* [What to produce] Nothing but the lines from the one with "Позолоченные серьги с" through the end of the data should be set down, each exactly as written, and no picture should be included.

* [Materials provided]
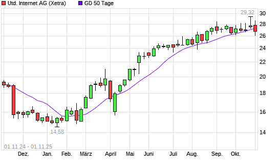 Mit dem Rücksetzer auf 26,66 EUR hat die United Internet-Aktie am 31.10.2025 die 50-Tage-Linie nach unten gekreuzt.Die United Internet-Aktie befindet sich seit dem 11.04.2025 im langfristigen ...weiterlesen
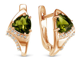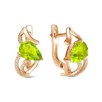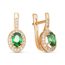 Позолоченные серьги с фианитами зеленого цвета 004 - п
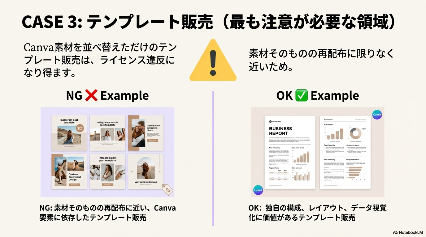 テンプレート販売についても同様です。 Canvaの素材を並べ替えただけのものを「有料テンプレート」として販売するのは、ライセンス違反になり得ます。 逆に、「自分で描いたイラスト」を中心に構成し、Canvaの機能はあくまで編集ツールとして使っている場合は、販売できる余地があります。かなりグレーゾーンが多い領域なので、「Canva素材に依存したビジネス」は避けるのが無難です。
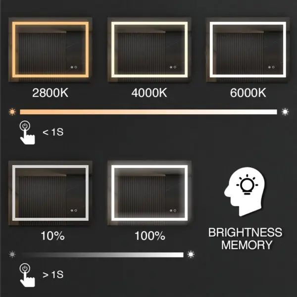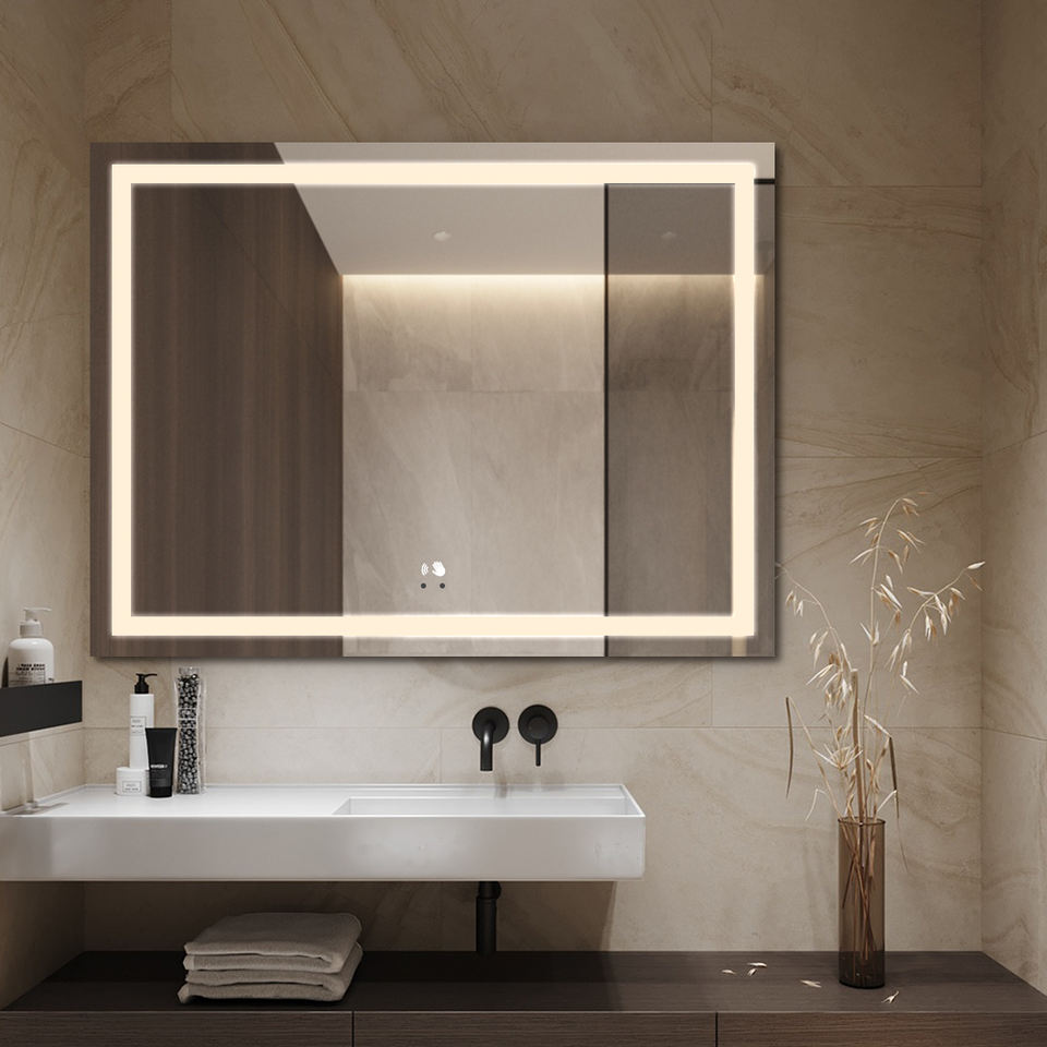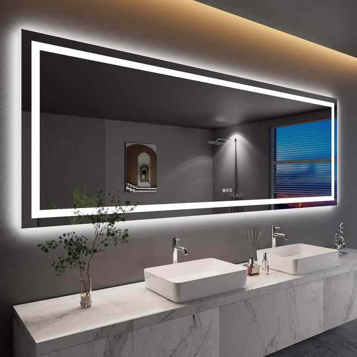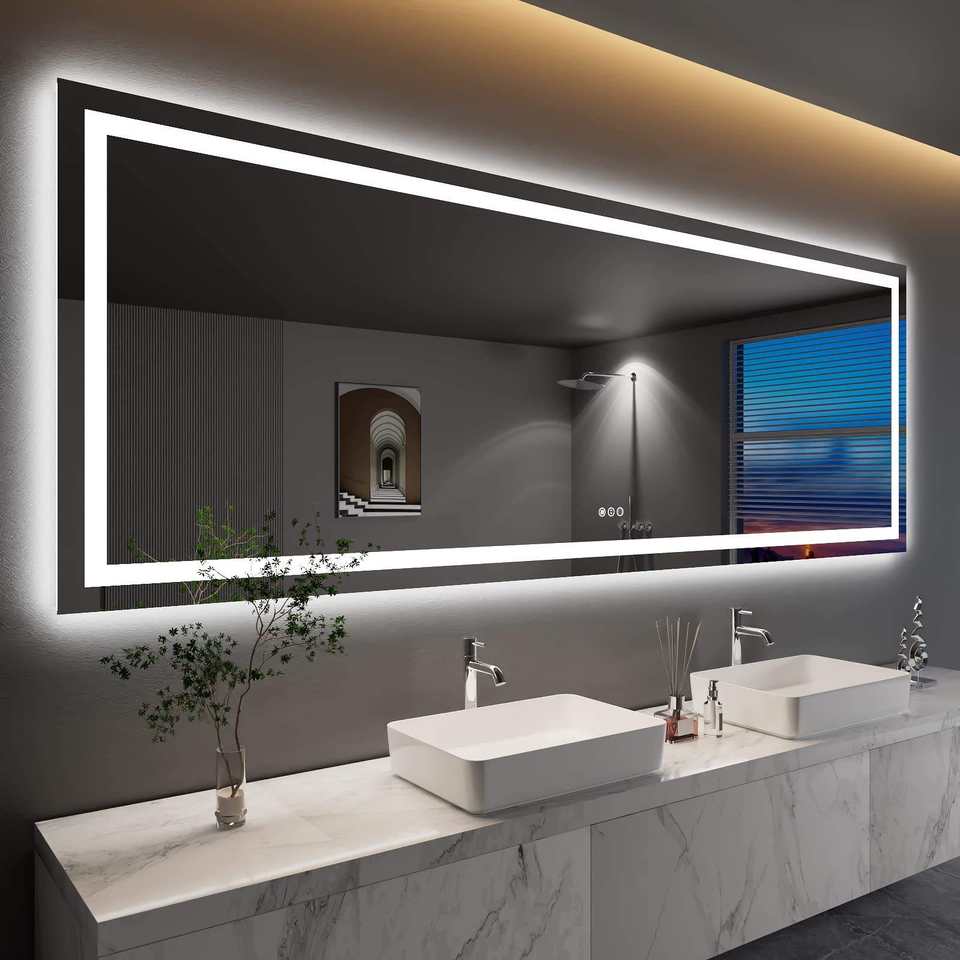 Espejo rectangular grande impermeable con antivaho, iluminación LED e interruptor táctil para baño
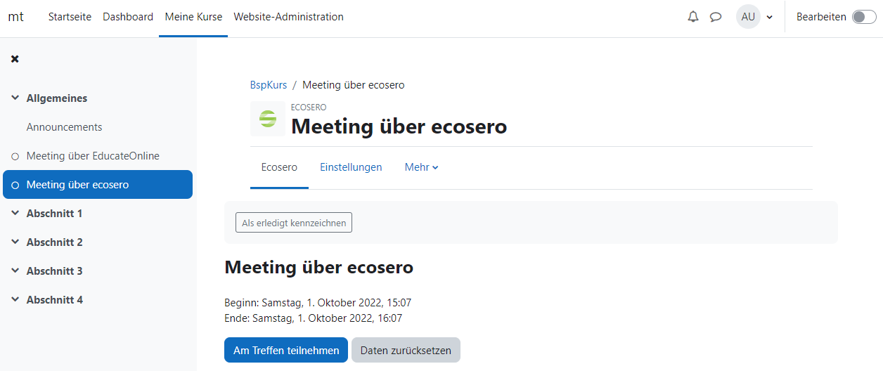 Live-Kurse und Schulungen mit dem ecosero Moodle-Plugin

* [Result of the exercise]
 Позолоченные серьги с фианитами зеленого цвета 004 - п
 テンプレート販売についても同様です。 Canvaの素材を並べ替えただけのものを「有料テンプレート」として販売するのは、ライセンス違反になり得ます。 逆に、「自分で描いたイラスト」を中心に構成し、Canvaの機能はあくまで編集ツールとして使っている場合は、販売できる余地があります。かなりグレーゾーンが多い領域なので、「Canva素材に依存したビジネス」は避けるのが無難です。
 Espejo rectangular grande impermeable con antivaho, iluminación LED e interruptor táctil para baño
 Live-Kurse und Schulungen mit dem ecosero Moodle-Plugin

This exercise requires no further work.